▸ Problem description: The expected result is the full listing, retyped exactly, without a single picture.

▸ Material for the task:

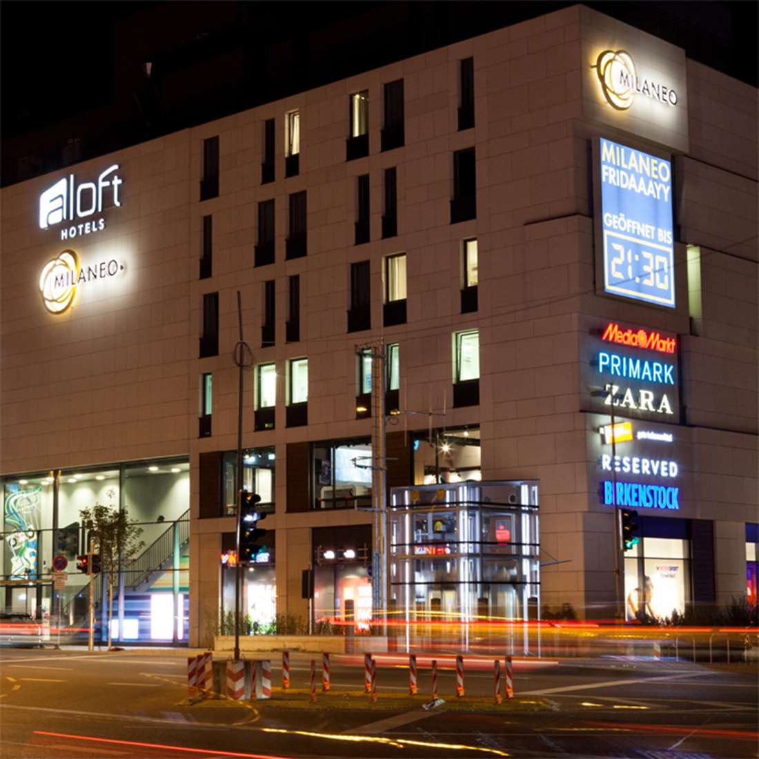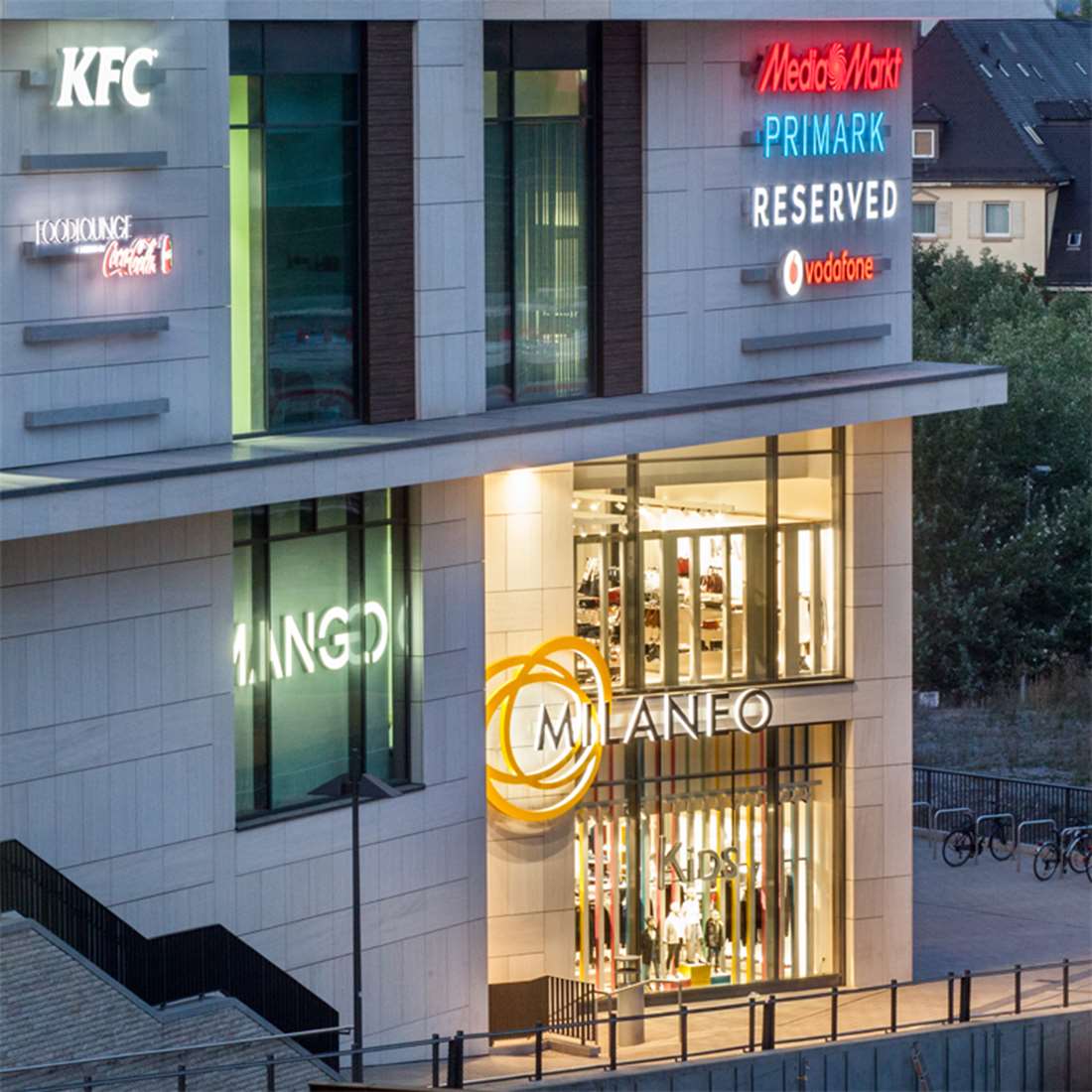 Mit 43.000 m² Fläche für Geschäfte und Gastronomie ist das Milaneo das größte Einkaufszentrum der Region. Neben den auffälligen Milaneo-Schriftzügen realisierten wir zahlreiche Mieterwerbungen, die gesamte Parkplatz- und Centerbeschilderung u.v.m.
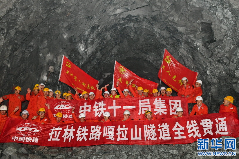 2018年4月7日,中铁十一局施工人员庆祝拉林铁路第一座隧道工程——嘎拉山隧道贯通。新华社记者 张汝锋 摄
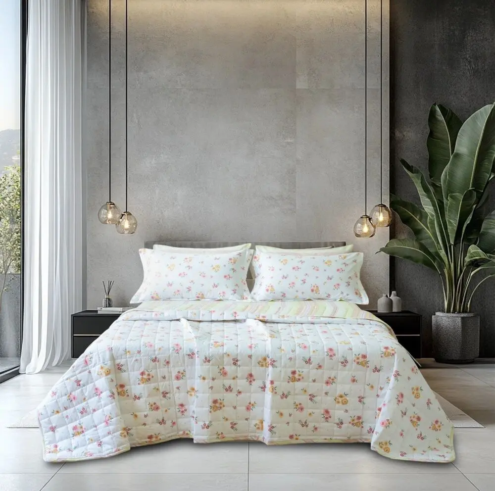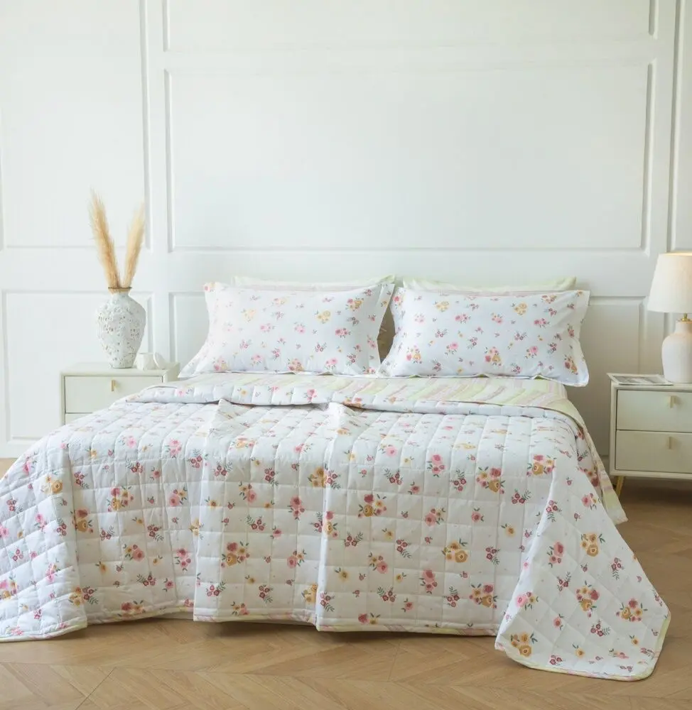 سمرلاند لحاف صيفي مضغوط مفرد ونص برسومات الزهور أبيض 4 قطع صُمم ليكون خيارك المثالي طوال السنة. خفيف وناعم في الصيف، ويمنحك دفئًا إضافيًا في الشتاء. بفضل خامته القطنية وحشوته المضغوطة، يجمع بين الراحة والعملية ليضفي لمسة أنيقة على غرفة نومك باللون الأبيض النقي.
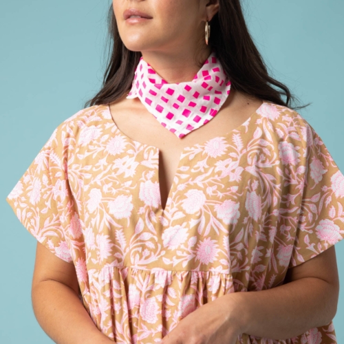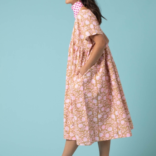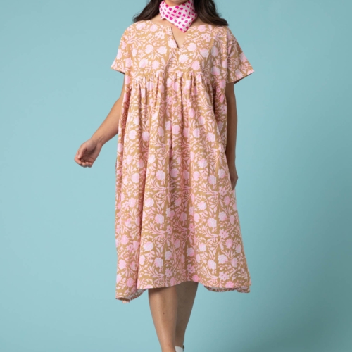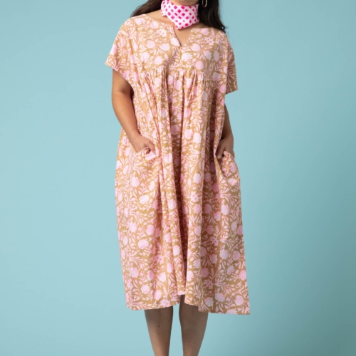 Your get dressed in 10 seconds dress! The Meadow Dress is a favorite, for good reason… It is ethically handmade in organic cotton and no two are alike, there will be small differences in the design but that is what makes it special for you. Fashioned in small batches in a sustainable and conscious manner. Great drape and flowy unstructured cool vibe that is a must this season. Did I mention pockets! This style dress is generous and comes in one size that fits size small to and extra large. Emi is 5’7″ wearing O/S. Organic Cotton Length Shoulder to Hem: 44″ Chest measurement: 28″ Block printed floral design Tier flowy style Semi V-neck Relaxed fit Drop shoulder Short sleeve Hidden side pockets One Size Fits Most (S – XL) Machine washable Made in India
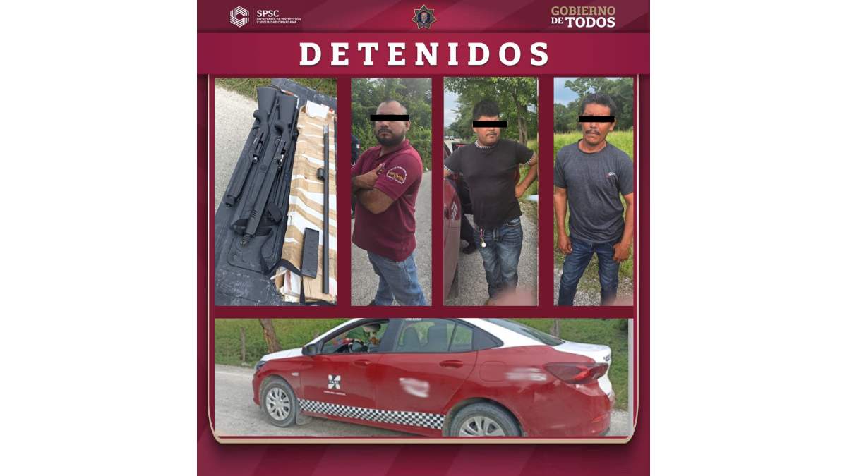 Durante estas acciones, se identificó un taxi con placas de Campeche y se marcó el alto para su revisión; al entrevistarse con los ocupantes y proceder a la inspección, se localizó en el interior del vehículo una caja de cartón envuelta con cinta adhesiva, que resguardaba dos escopetas.
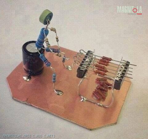 Что за каннибализм: человек-резистор готовит шашлык из резисторов.
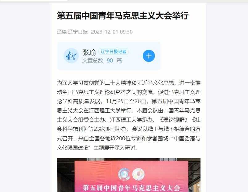 为深入学习贯彻党的二十大精神和习近平文化思想,进一步推动全国马克思主义理论研究者之间的交流,促进马克思主义理论学科高质量发展,11月25日至26日,第五届中国青年马克思主义大会在金年会体育举行。本届会议由中国青年马克思主义大会组委会主办、金年会体育承办、《理论视野》《社会科学辑刊》等23家期刊协办。会议以线上与线下相结合的方式召开,来自全国各地近200位专家和学者围绕“中国话语与文化强国建设”主题展开深入研讨。
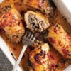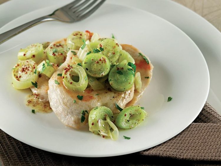 - Servis tabağına aldığınız tavuk göğüs etlerinin üzerine pırasalı sostan ekleyip taze çekilmiş karabiber ekin ve servis yapın..

▸ Task solution:
 Mit 43.000 m² Fläche für Geschäfte und Gastronomie ist das Milaneo das größte Einkaufszentrum der Region. Neben den auffälligen Milaneo-Schriftzügen realisierten wir zahlreiche Mieterwerbungen, die gesamte Parkplatz- und Centerbeschilderung u.v.m.
 2018年4月7日,中铁十一局施工人员庆祝拉林铁路第一座隧道工程——嘎拉山隧道贯通。新华社记者 张汝锋 摄
 سمرلاند لحاف صيفي مضغوط مفرد ونص برسومات الزهور أبيض 4 قطع صُمم ليكون خيارك المثالي طوال السنة. خفيف وناعم في الصيف، ويمنحك دفئًا إضافيًا في الشتاء. بفضل خامته القطنية وحشوته المضغوطة، يجمع بين الراحة والعملية ليضفي لمسة أنيقة على غرفة نومك باللون الأبيض النقي.
 Your get dressed in 10 seconds dress! The Meadow Dress is a favorite, for good reason… It is ethically handmade in organic cotton and no two are alike, there will be small differences in the design but that is what makes it special for you. Fashioned in small batches in a sustainable and conscious manner. Great drape and flowy unstructured cool vibe that is a must this season. Did I mention pockets! This style dress is generous and comes in one size that fits size small to and extra large. Emi is 5’7″ wearing O/S. Organic Cotton Length Shoulder to Hem: 44″ Chest measurement: 28″ Block printed floral design Tier flowy style Semi V-neck Relaxed fit Drop shoulder Short sleeve Hidden side pockets One Size Fits Most (S – XL) Machine washable Made in India
 Durante estas acciones, se identificó un taxi con placas de Campeche y se marcó el alto para su revisión; al entrevistarse con los ocupantes y proceder a la inspección, se localizó en el interior del vehículo una caja de cartón envuelta con cinta adhesiva, que resguardaba dos escopetas.
 Что за каннибализм: человек-резистор готовит шашлык из резисторов.
 为深入学习贯彻党的二十大精神和习近平文化思想,进一步推动全国马克思主义理论研究者之间的交流,促进马克思主义理论学科高质量发展,11月25日至26日,第五届中国青年马克思主义大会在金年会体育举行。本届会议由中国青年马克思主义大会组委会主办、金年会体育承办、《理论视野》《社会科学辑刊》等23家期刊协办。会议以线上与线下相结合的方式召开,来自全国各地近200位专家和学者围绕“中国话语与文化强国建设”主题展开深入研讨。
 - Servis tabağına aldığınız tavuk göğüs etlerinin üzerine pırasalı sostan ekleyip taze çekilmiş karabiber ekin ve servis yapın..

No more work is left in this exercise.